茗荷

 普段はかみさんまかせで調理などほとんどしないが、日曜日の朝はなるべく作るようにしている。というか担当のようである。作ると言ってもたいした事はなく、ほとんどワンパターンの食事である。ご飯を炊いて、魚を焼き、みそ汁を作り、納豆を準備する程度である。

茗荷 米は生協で配達してくれる無洗米を一度ゆすぐ程度で炊飯。二人暮らしであるが4合炊き、残りは冷凍にする。みそ汁の具はだいたい大根で、拍子切りにして油揚げを入れる。とくにこだわりがあるわけではないが、味噌は麦味噌が美味しいと思い長年使っている。魚はあじの開きが多いがシャケの時もある。脂ののったあじに当たった時は至福の喜びである。納豆は好物なので、常に冷蔵庫に入っている。薬味はだいたいネギが多いが、その時の気分によって 茗荷(みょうが)、シソ、生姜、三つ葉、オクラなどを使い分ける。

 薬味のおかげで量が増えると、かき混ぜ甲斐がありなんか嬉しくなってくる。しかし、最近の野菜の高騰で嬉しさは半減している。

 茗荷は子供の頃はとても嫌いだった。なぜか、実家の畑で父親が茗荷を作っていたので、しばしば食卓に登場した。その度に顔をしかめながら食べていた。

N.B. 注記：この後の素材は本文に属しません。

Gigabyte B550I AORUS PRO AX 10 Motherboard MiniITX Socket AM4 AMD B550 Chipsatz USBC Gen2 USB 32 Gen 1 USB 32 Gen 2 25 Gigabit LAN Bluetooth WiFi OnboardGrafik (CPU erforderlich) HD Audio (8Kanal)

小学生の頃は休みになるとよく茗荷採りをさせられた。「畑に10円玉が落ちていると思って採れ」と良く言われたが、自分の懐に入るわけでもなく、小遣いが増えるわけでもない、しかも嫌いな食べ物なので、なんでこんな物をと思いながら、いやいやさせられていた事を思い出す。

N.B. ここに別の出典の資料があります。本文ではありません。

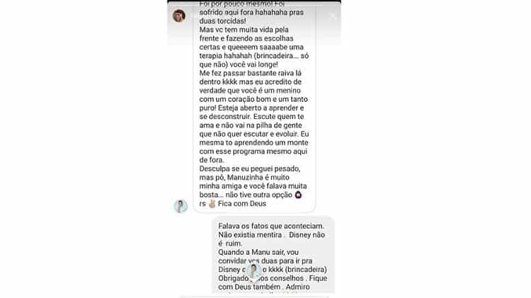 “Esteja aberto a aprender e desconstruir. Escute quem te ama e não vai na pilha de gente que não quer escutar e evoluir. Eu mesma estou aprendendo um monte com esse programa mesmo aqui de fora. Desculpa se peguei pesado, mas pô, Manuzinha é minha amiga e você falava muita b****. Não tive outra opção. Fica com Deus”, desabafou a artista.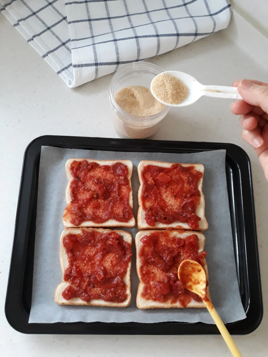 소스 위에 설탕 솔솔 (신맛을 줄여줌)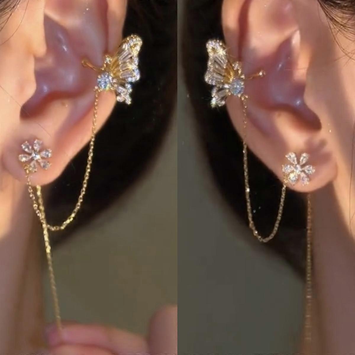 Fashion White Crystal Flower Butterfly Earrings for Women Jewelry 2025 Trendy New Luxury Butterfly Long Tassel Ear Clip Earrings

 茗荷の他にも、春菊、らっきょう、マーマレード、食べ過ぎて自家中毒の起因になったと思われる大福のつぶあんが嫌いだった。春菊に至っては匂いを嗅いだだけで気持ちが悪くなった。夕飯がすき焼きの時は“春菊のないすき焼きなんてすき焼きではない”というような雰囲気が食卓に漂っており、とても憂鬱だった。

 子供の頃に嫌いであったこれらの食べ物であるが、最近はらっきょう以外は克服している。しかも今では茗荷は好物である。実家ではまだ茗荷を作っており、先日は、茗荷の実から花が咲いていた。ここ数年は父親が身体を悪くして畑仕事がだんだんできなくなっており、畑は荒れてきている。

抱き茗荷 茗荷以外にも梅やキウイフルーツ等を作っている。そろそろ畑仕事をこちらでやらなければならないなぁと思いながら、先日実家に帰り仏壇に線香をあげていたら、丸いマークのような物を発見した。これは何かと聞くと、「抱き茗荷といって、うちの家の家紋だよ」と父親が教えてくれた。

 茗荷に縁があるなぁと思いながら、子供の頃は顔をしかめていたおふくろの茗荷のみそ汁に、舌鼓がうてるようになった今年の神無月の初めの出来事である。